TASK
Print the lines of the listing below verbatim from its first line through the line bearing "b | 0.000 |". Any pictures are to be omitted.

SUPPLIED RECORDS
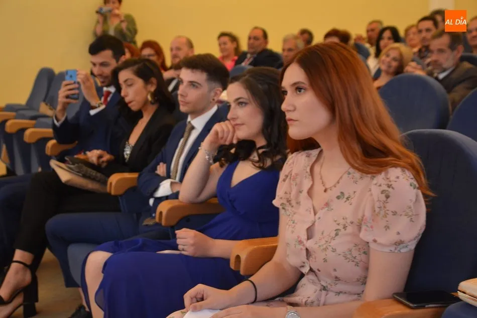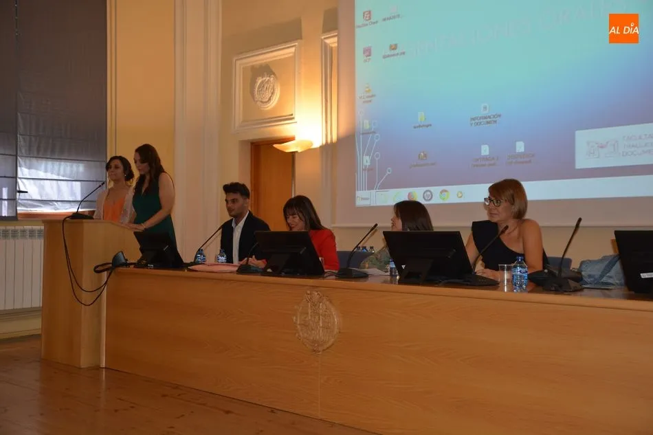 La Facultad de Traducción y Documentación de la Universidad de Salamanca ha celebrado este sábado la imposición de becas a los nuevos graduados en Información y Documentación con la presencia de la vicerrectora de Estudiantes y Sostenibilidad, Ana Belén Ríos.
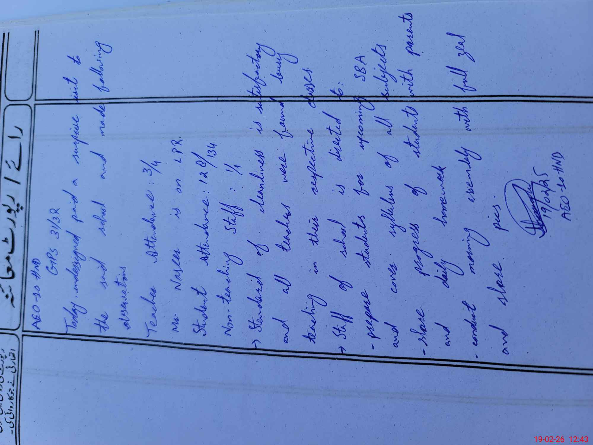 | Certified that this School was Inspected by the Undersigned MEA/DMO Today and the Information Stated Above is as Per Record. | |||||
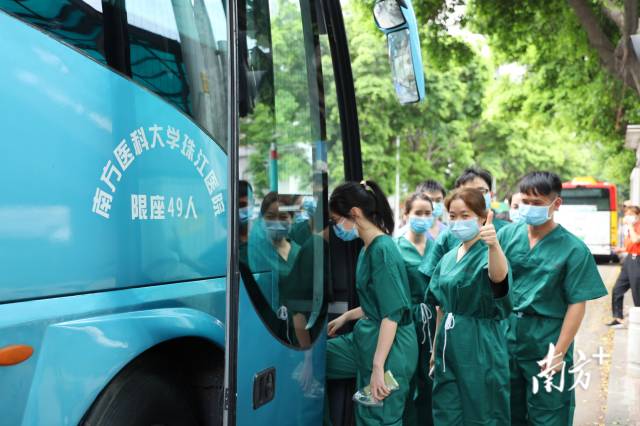 5月27日一早,广东药科大学附属第一医院首批共15名医护人员从医院出发,前往支援荔湾区核酸采样工作,目前已投入紧张的采样工作中。据悉,该支援队最小的队员仅22岁,平均年龄不超过28岁,是一支朝气蓬勃的队伍。
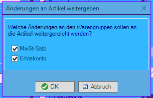 Wenn Sie anschließend die Warengruppe speichern, erscheint die Frage, ob die Änderung an alle Artikel dieser Warengruppe weitergereicht werden soll. Wählen Sie die Felder an und bestätigen Sie die Frage bitte mit OK.
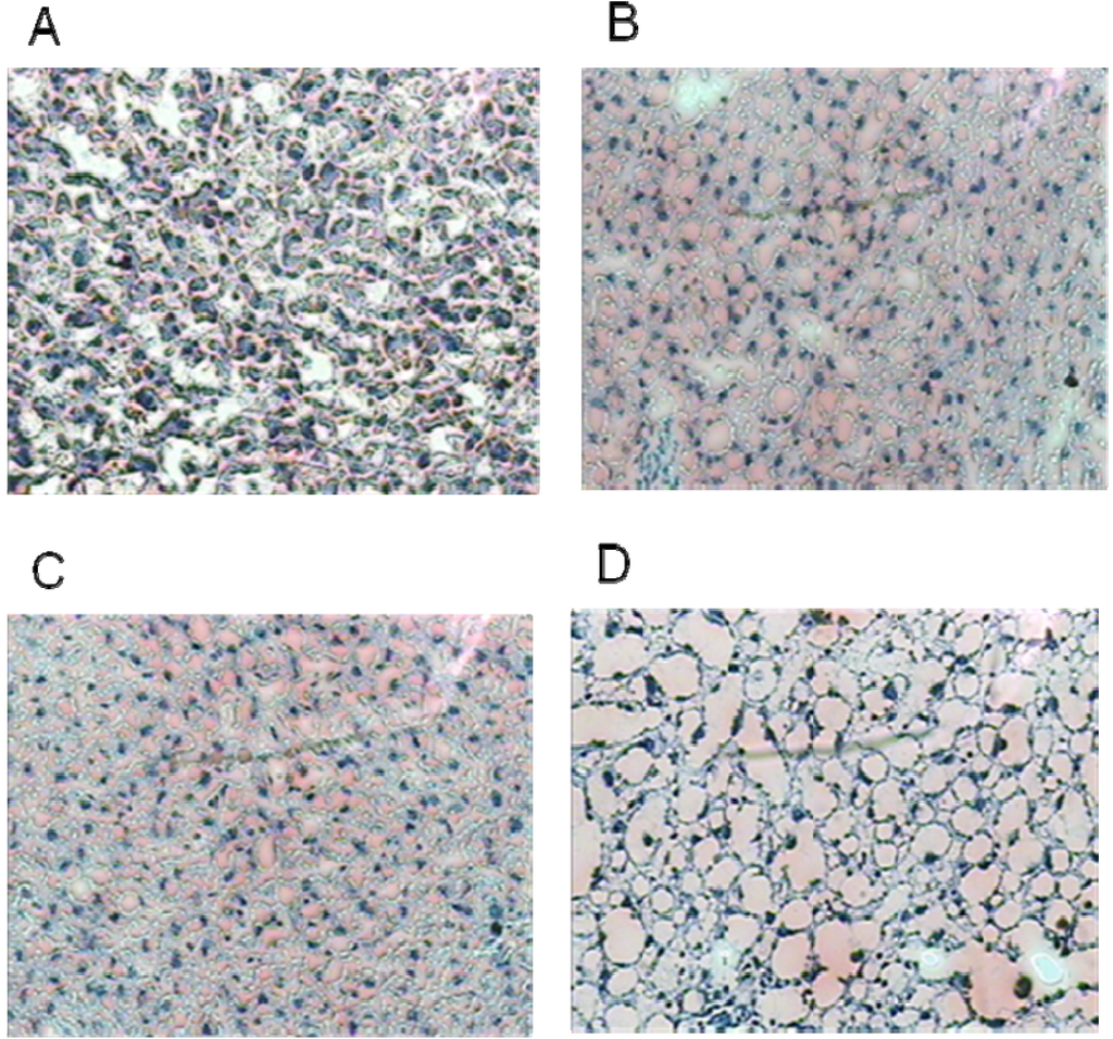 | Hepatic ballooning | 0.0 ± 0.0 a | 0.5 ± 0.2 a | 0.3 ± 0.2 a | 2.0 ± 0.0 b | 0.000 |
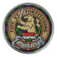 Clan Farquharson crest badge surrounded by a strap and buckle over tartan background. Custom text.
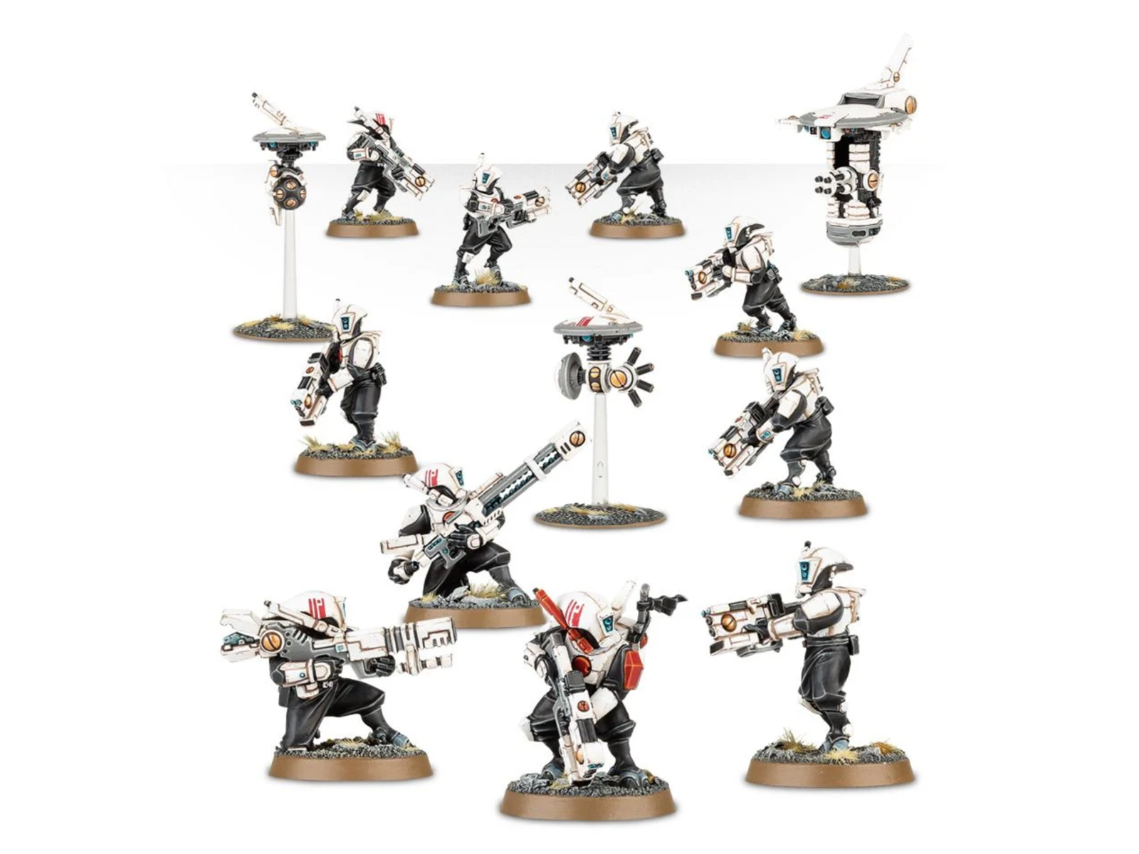 40.000 år ude i den mørke fremtid er der kun krig. Menneskeheden består hovedsageligt af kloner der tjener maskinguderne. De overmenneskelige Space Marines kæmper en bitter kamp mod alle Xenos - Orker, Tau, Eldar, Tyranids og de korrumperende kaoskræfter. Er du klar til at tage de første trin ind i det vældige univers, hvor vejen frem er dækket af dine fjenders blod og luften er tyk af kanonrøg, raketter, plasmakugler og laser? Warhammer 40K er en fantastisk hobby, hvor man selv samler sine figurer, maler dem, skaber flotte kamplandskaber og kæmper med sine venner. Tau er en af de nyeste fjender i 40K universet. De er teknologisk overlegne til mennesker i alle henseender. Deres rustning er smartere og deres våben slår hårdere, men deres blodtørst og vilje til kamp er erstattet af taktisk snilde. Dette sæt indeholder: 13 Pathfinder Team figurer. Figurerne i sættet er ikke malet eller samlet og kræver derfor lim og maling. Vi anbefaler Citadel Plastiklim og Citadel Paint.

RESULT OF THIS EXERCISE
 La Facultad de Traducción y Documentación de la Universidad de Salamanca ha celebrado este sábado la imposición de becas a los nuevos graduados en Información y Documentación con la presencia de la vicerrectora de Estudiantes y Sostenibilidad, Ana Belén Ríos.
 | Certified that this School was Inspected by the Undersigned MEA/DMO Today and the Information Stated Above is as Per Record. | |||||
 5月27日一早,广东药科大学附属第一医院首批共15名医护人员从医院出发,前往支援荔湾区核酸采样工作,目前已投入紧张的采样工作中。据悉,该支援队最小的队员仅22岁,平均年龄不超过28岁,是一支朝气蓬勃的队伍。
 Wenn Sie anschließend die Warengruppe speichern, erscheint die Frage, ob die Änderung an alle Artikel dieser Warengruppe weitergereicht werden soll. Wählen Sie die Felder an und bestätigen Sie die Frage bitte mit OK.
 | Hepatic ballooning | 0.0 ± 0.0 a | 0.5 ± 0.2 a | 0.3 ± 0.2 a | 2.0 ± 0.0 b | 0.000 |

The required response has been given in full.